И теперь каждую осень, когда заряжали холодные ветра, старик болел. Он болел молча, и о его болезни я догадывался лишь по тому, с какой неохотой уезжал он теперь на озеро.
Казалось, к октябрю наши озера начинали старику надоедать. Его упрямое терпение, что помогало переждать любую погоду, кончалось, он чаще не выдерживал одиночества в тайге, раньше приходил со своего озера, реже уходил обратно и даже пресные рыбники пек теперь не так весело и легко, как совсем недавно, когда осень только–только показывалась на берегу озера.
Правда, и в наших озерах к октябрю качались от берега до берега тяжелые вымороженные волны, и здесь ветер выбрасывал на камни комья сырых листьев, метелки тростника и кувшинчики кубышек. Все было как там. Но в наших озерах ряпушка не водилась.
Теперь каждое утро я уходил на лодке к островам и проверял переметы. К октябрю мое Долгое озеро закрывалось для рыбака — оно было мелким, рыба из него осенью уходила, я забывал дорогу в тайгу и промышлял на Домашнем, на глубоких зимних ямах.
В эти ямы к октябрю собиралась щука. Длинный и прочный шнур перемета жег холодом руки. Я поднимал шнур из воды и еще далеко на шнуре слышал тупые толчки больших рыбин.
Шнур натягивался, легкая лодка шла от крючка к крючку. Толчки слышались ближе. Лодка замирала, ждала. Шнур перемета поднимался вверх, и на чисто–синей от мороза и низкого северного неба воде взыгрывал темный круг от щучьего хвоста.
Щука
Метр за метром я крался к щуке, которая еще не стала добычей. В сак рыбина не входила. Левой рукой я держал шнур перемета, выравнивал лодку. Правой взводил курок ружья, вжимал приклад в плечо и вел вороненую планку двустволки снизу вверх по воде. Вода оставалась под срезом стволов. Стволы чуть прикрывали темный широкий плавник ближе к голове — и вслед за выстрелом в воду врезалось весло.
Рыбина подтягивалась к лодке тяжелой и вялой. Темно–зеленое тело щуки переваливалось через низкий борт и замирало у твоих ног замшелым метровым поленом.

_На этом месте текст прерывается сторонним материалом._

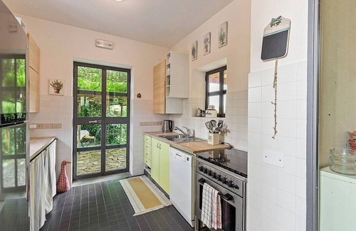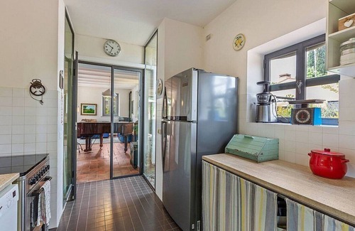 You will be able to enter the kitchen from the first living room. It is equipped with a five-burner gas cooker, an electric oven, a large refrigerator with freezer, a dishwasher, an Italian-style coffee-maker and a kettle. From the kitchen a French door will take you to the garden. The room has two small windows, as well as two glass walls.
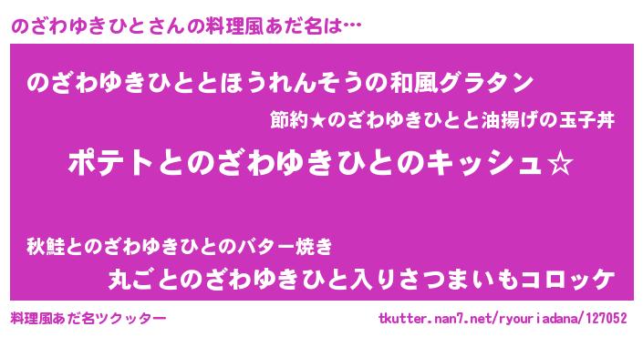 | ヘコむあだ名 | 『のざっぺ』『のざもー』『豆乳』 |
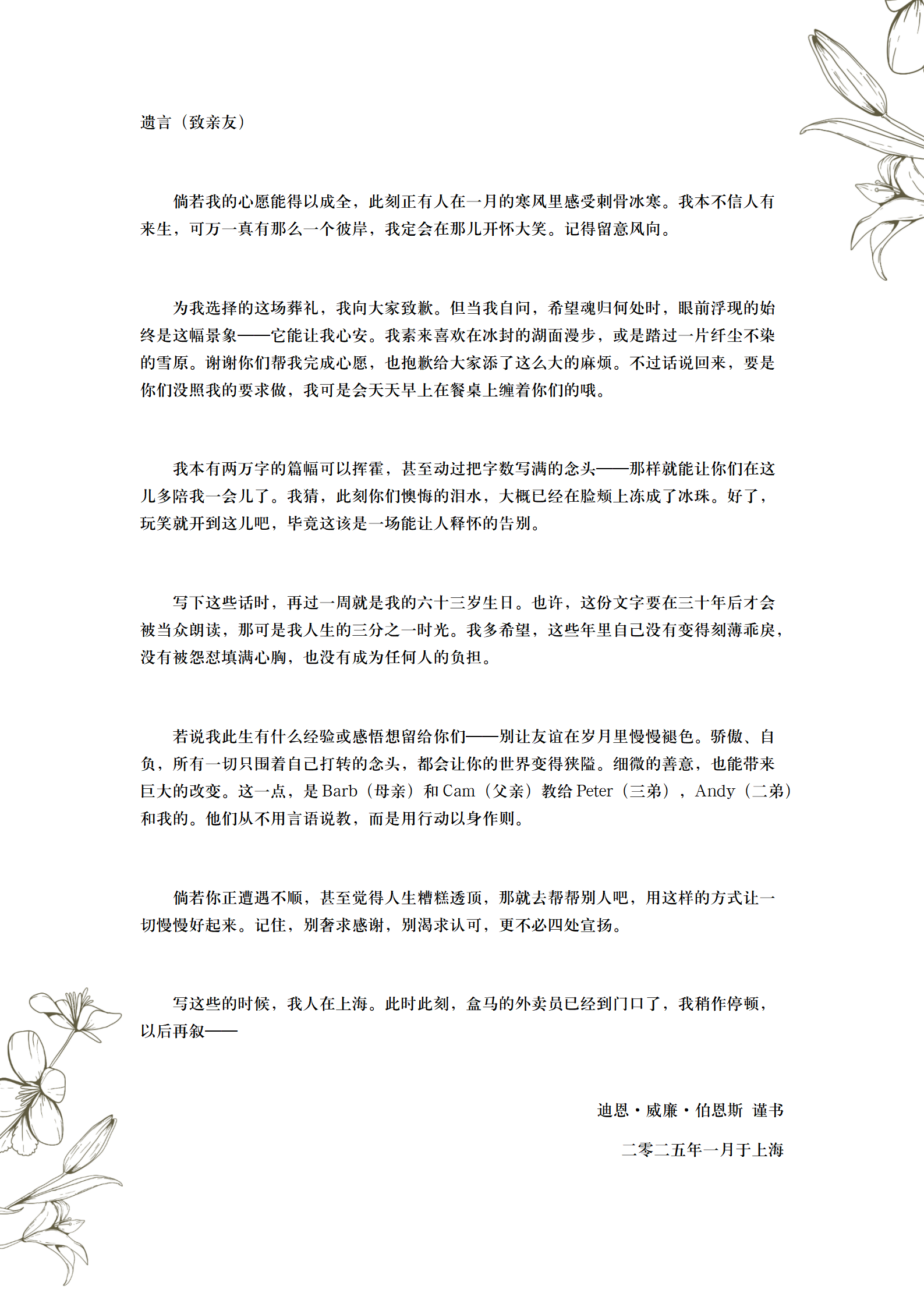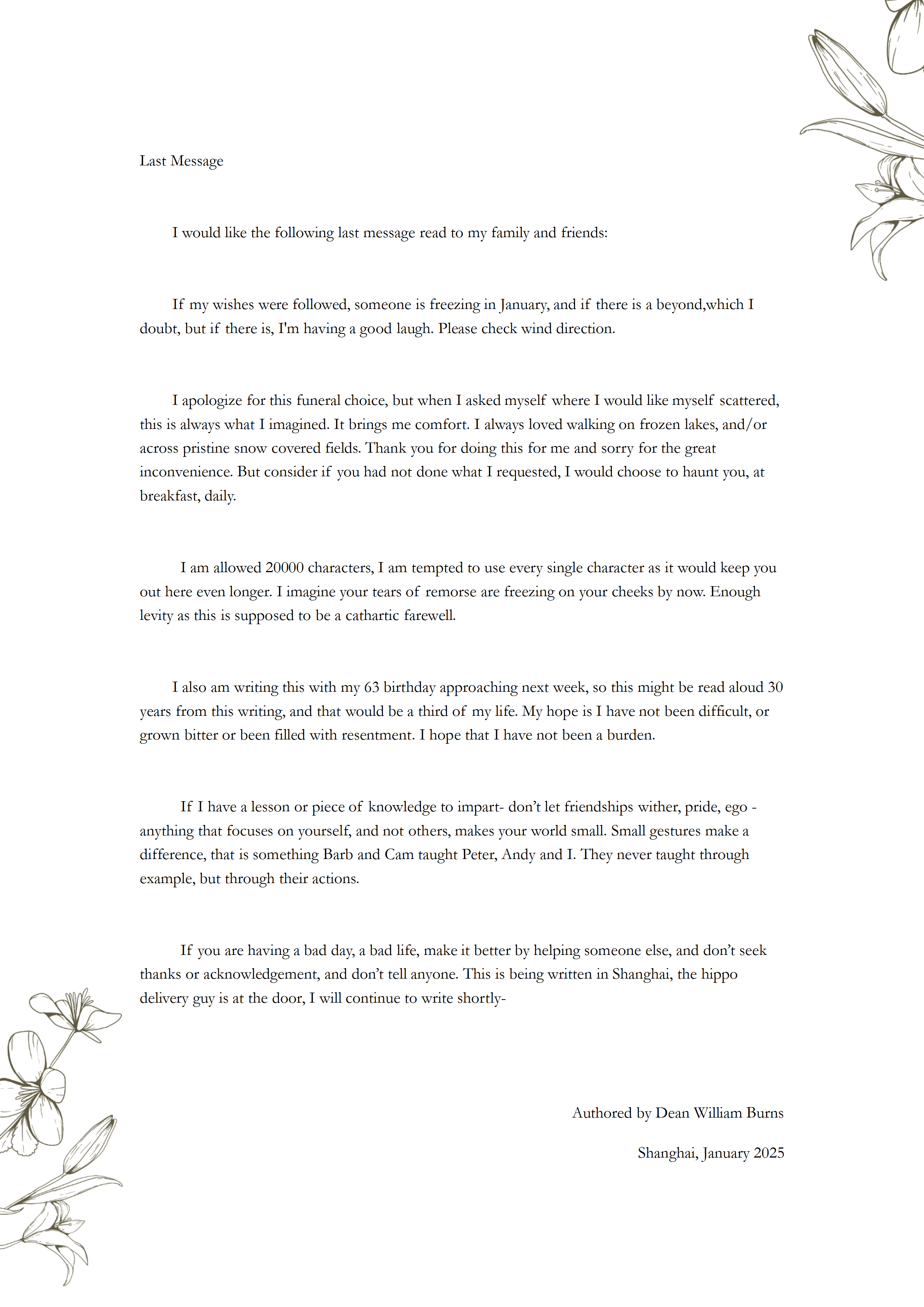 迪恩·威廉·伯恩斯(Dean William Burns)先生文字遗言全文

А шнур перемета снова жег холодом руки. Когда подбивал встречный ветер, шнур резал ладонь. И ты снова и снова слышал далекие, тупые толчки в глубине, заранее угадывал, где сейчас расплывется по тяжелой октябрьской волне медленный, мелкий круг от щучьего хвоста, снова выводил лодку, одной рукой поднимал ружье — и еще одна зеленая рыбина с оранжевыми разводами по бокам вытягивалась у твоих ног…
С озера я приезжал мокрый. С трудом стягивал с себя высокие сапоги, сбрасывал ватник, раздевался совсем. Ледяными ногами искал голенища валенок, горячих от печи, забирался на печь, курил и ждал, когда холодная боль в руках и ногах после озера пройдет.
Когда старик был дома, он встречал меня с воды и протягивал горячую кружку. Кипяток, наверное, жег губы, горло, но ты не чувствовал этой горячей боли, как не чувствует тело, распаренное в бане, снега и ледяной воды.
А к вечеру над низким бортом долбленки снова подпрыгивала ледовитая волна, норовя перескочить через борт, обдать тебя, щук, ружье. Когда к ночи на озеро ложилась морозная, фиолетовая тишина, лодка возвращалась домой уже через хрусткие густые льдинки. Сезон заканчивался. Пора было убирать снасти, чтобы ночной мороз не укрыл перемет льдом и не оставил его в озере до самой весны.
Снег глубоко закидал лесные дороги. Из тайги мы выходили трудно, оставив в своем рыбацком доме рыбу и вещи. Когда мороз через густой снег пробился к болотам, на лошадях я вывез рыбу и снасть, рассчитался с сельпо, простился со стариком и ушел в город.
В городе я получил разрешение на отстрел лосей и снова собирался в тайгу. Но сборы тянул. Я жил у древней старушки, слушал ее песни и сказки, пил чай из большого медного самовара старой тульской работы. Мне было тепло и просто здесь, в крепком уютном доме, и, наверное, поэтому пока не хотелось никуда уходить.
По вечерам я шел в городскую столовую и долго сидел за кружкой хорошего ячменного пива.
Я любил этот городок, небольшой, северный, ладный и простой. Любил эту столовую, куда можно было прийти с собакой, где никто никуда особенно не торопился, никто не спорил, не ругался, где весь вечер можно было смотреть на самых разных людей, заходивших спросить тарелку кислых щей, отварную картошку с мясом и сто пятьдесят граммов российской водки перед долгой дорогой по позднему северному тракту.